Miss Cecilia Hastings has succeeded in achieving what every young lady hopes for in her first London season--in duplicate. She has caught the eye of not one by two of England's most elligible bachelors. Both Jeremy Batterley, Earl of Henley and Richard Huxley, Duke of Wexford are handsome, wealthy and kind, the epitome of English gentlemen. But Cecilia doesn't want proper; whe wants passion. So she issues a challenge to her youngt lovers: a kiss, so she may be able to choose between them.
Friends since childhood and compatriots on the fields of Spain, Jeremy and Richard have found that falling for the same woman has set them at odds with one another and risks destroying their friendship forever. But a surprising invitation to a late-night garden tryst soon sets them on a course that neither of them could have anticipated. And these gentlemen quickly discover that love can take many forms.
It is a known fact that the London Season has stood historically as the great marriage mart of the Western society and the aristocracy that founded and ruled it year after year was religious in seeing to its vitality and continued existence. Into the fray came young men and women--well, some of the men were young, seeking a spouse, a bearer of children, a financial "leg-up" or a bail-out after riotous living and its resulting debt. If the gods of the London Season smiled on the "beautiful people" then there were one or two Incomparables--young women who were so beautiful that their entry into a salon or ballroom was enough to paralyze everyone in awe stricken wonder. Such a woman was Miss Cecilia Hastings, a young woman who not only looked stunning but whose manners and deportment were flawless and whose clear-eyed gaze had only to fall on a young man and he was, for all intent and purpose, smitten. In the case of this particular maiden, two of London's most eligible aristocrats have fallen head over heels in love with her--and they are best friends. Oh my . . .! And not only that, they have been best friends most of their lives and this mutual fixation is threatening to destroy them all.
This is a really fun novella--a woman who is the darling of society, whose manners and mannerisms are the joy of the watch dogs of the ton, and who enlivens every party she attends--yet in private, she is absolutely determined to do her own thing.
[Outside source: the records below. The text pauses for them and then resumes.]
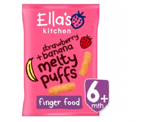 Ella's Kitchen Grab Me Melty Puffs Strawberries + Bananas 7m+ make for a great snack. Made with 100% organic strawberry and banana flavoured maize.
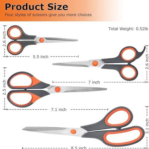- Ultra-Portable 4-Pack Scissors for Anywhere Use – Compact and lightweight, this scissors set fits effortlessly in desk drawers, backpacks, or travel kits—ideal for office, classroom, or on-the-go crafting.
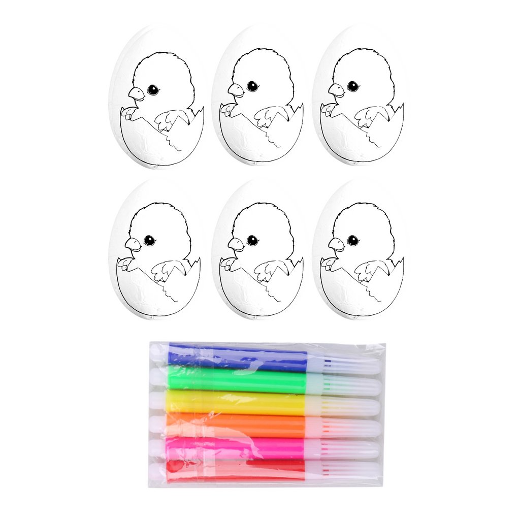 Set obsahuje 6 polystyrenových vajíček s motivem kuřátka ve vajíčku a fixy v různých barvách, což je ideální pro zábavu doma, ve škole nebo ve školce Klíčové vlastnosti produktu

She actually has responded to both of these men . . . their bodies touching hers during the waltz has resulted in that heated "zing" no one else can spark. Yet which man should she choose, and how can she insert herself between two of London's finest without destroying their regard for one another? Will this not eventually cause her future husband to resent her?
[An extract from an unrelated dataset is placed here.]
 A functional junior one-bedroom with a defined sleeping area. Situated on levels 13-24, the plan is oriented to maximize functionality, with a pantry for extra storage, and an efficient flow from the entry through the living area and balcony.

This novella is about individuality in the face of crushing social pressure, knowing one's own mind and find creative ways to be one's own person. It is about trust and the depth of love, insisting on having a relationship that may have to remain hidden, but without which one refuses to live. It is well-written with believable characters and a very good plot and storyline. It is one of those shorter literary works that is fun to read, satisfies the romantic in readers, tantalizes the imagination, all within a historical context. Good writers know how to do that and I think it has been done well here.
So I recommend this novella as a fun read, not taking up an extended amount of time, but manages to be one of those literary treats that fits well into a busy schedule. I give it a rating of 4 out of 5.
This novella was released by Carina Press on 08 November 2010.